The celebration begins on February 2nd with the Virgin Mary Candlemas, the release of white doves in front of the Church of St Blaise and the raising of St Blaise's flag on Orlando's column (Orlando’s Column, also known as Roland’s Column, is a statue in the old town which commemorates the knight and hero of the famous medieval poem The Song of Roland (La Chanson de Roland), who died in the service of the emperor Charlemagne at the Battle of Roncevaux in 778.) The raising of the flag, which is a white standard embroidered with an image of Saint Blaise as a bishop – is accompanied by the ringing of the church bells, the discharging of historic firearms, and the release of white doves as previously mentioned, the release of white doves. Joyous shouts of “Long live Saint Blaise!” follow from the crowds. In the evening, Vespers to honour Saint Blaise are sung in the cathedral.

(The magazine launch yesterday with Dubrovnik Tourist Board director Romana Vlasic - a full TCN picture special from the feast of St. Blaise in this historic 1700 years, will follow)

On the feast day (February 3rd), festivities resume early in the morning, with the ringing of church bells, the clamor of brass bands, and more volleys from the city’s historic musketeers, called the Trombunjeri. At around mid-morning, a public mass is held outside Dubrovnik Cathedral (the Cathedral of the Assumption), at its conclusion, a grand procession of celebrants – including Trombunjeri, banner bearers, priests, nuns, musicians, First Communicants, pilgrims, residents in national costumes, and specially appointed Festanjuls (celebrators) – makes its way from the cathedral down the Stradun and through the heart of the old city. The procession is definitely one of the most vibrant, striking elements of the festival. One of the highlights of the parade includes the procession and display of Dubrovnik’s most prized relics, including the head, right hand, foot, and throat of Saint Blaise, they are housed in reliquaries of gold and silver, and have been described as the greatest cultural and artistic treasure of Dubrovnik Cathedral. When the long parade arrives at the church, the banners are swirled and lowered in an intricate display of historic, local technique. Priests spend this day blessing the believers who gather there using two intertwined candles around the throat which is believed to prevent throat problems and related diseases. As the light dims and the darkness of dusk begins to fall, the stained glass windows of St Blaise church blaze with light.

Naturally, as with every Croatian festival, there is also a considerably large lunch involved. The traditional dish is macaroni with meat sauce, followed by hrostule doughnuts.

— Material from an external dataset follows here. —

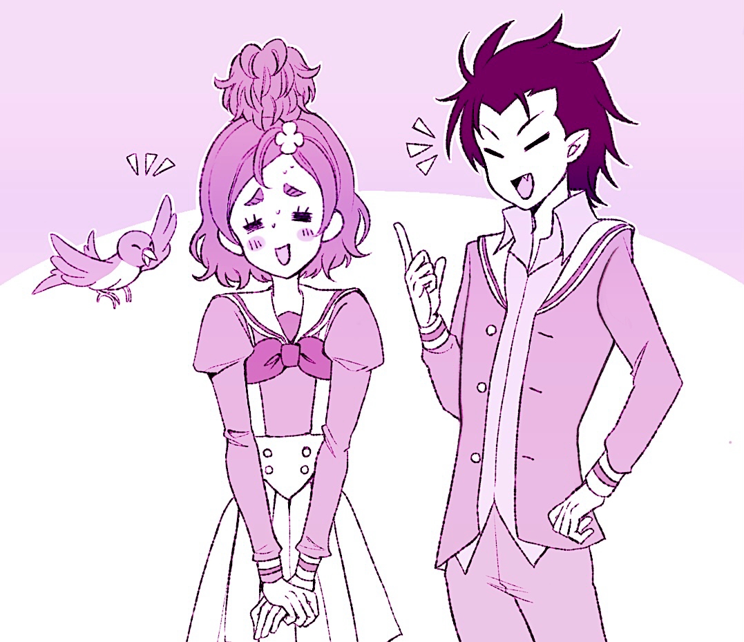 1boy 1girl bird blush close_(precure) closed_eyes demon_boy fang flower go!_princess_precure hair_bun hair_flower hair_ornament haruno_haruka jacket long_sleeves medium_hair monochrome neckerchief noble_academy_school_uniform open_clothes open_jacket open_mouth pants pointy_ears pre_greenblue precure sailor_collar school_uniform shirt short_hair single_hair_bun skirt suspender_skirt suspenders

The festival of the patron saint and protector of Dubrovnik, represents an exceptional example of intangible cultural heritage, which in a continuous historic sequence from the 10th century to our time, has kept all of its traditional features and expression, channelling local culture into diverse manifestations and spiritual dimensions. This unique celebration of eternal gratitude and worship of Saint Blaise has shaped the entire cultural face of the City of Dubrovnik as the world knows it today.

In 2009, St Blaise Feast Day in Dubrovnik was inscribed on UNESCO's List of Intangible Heritage, and rightly so.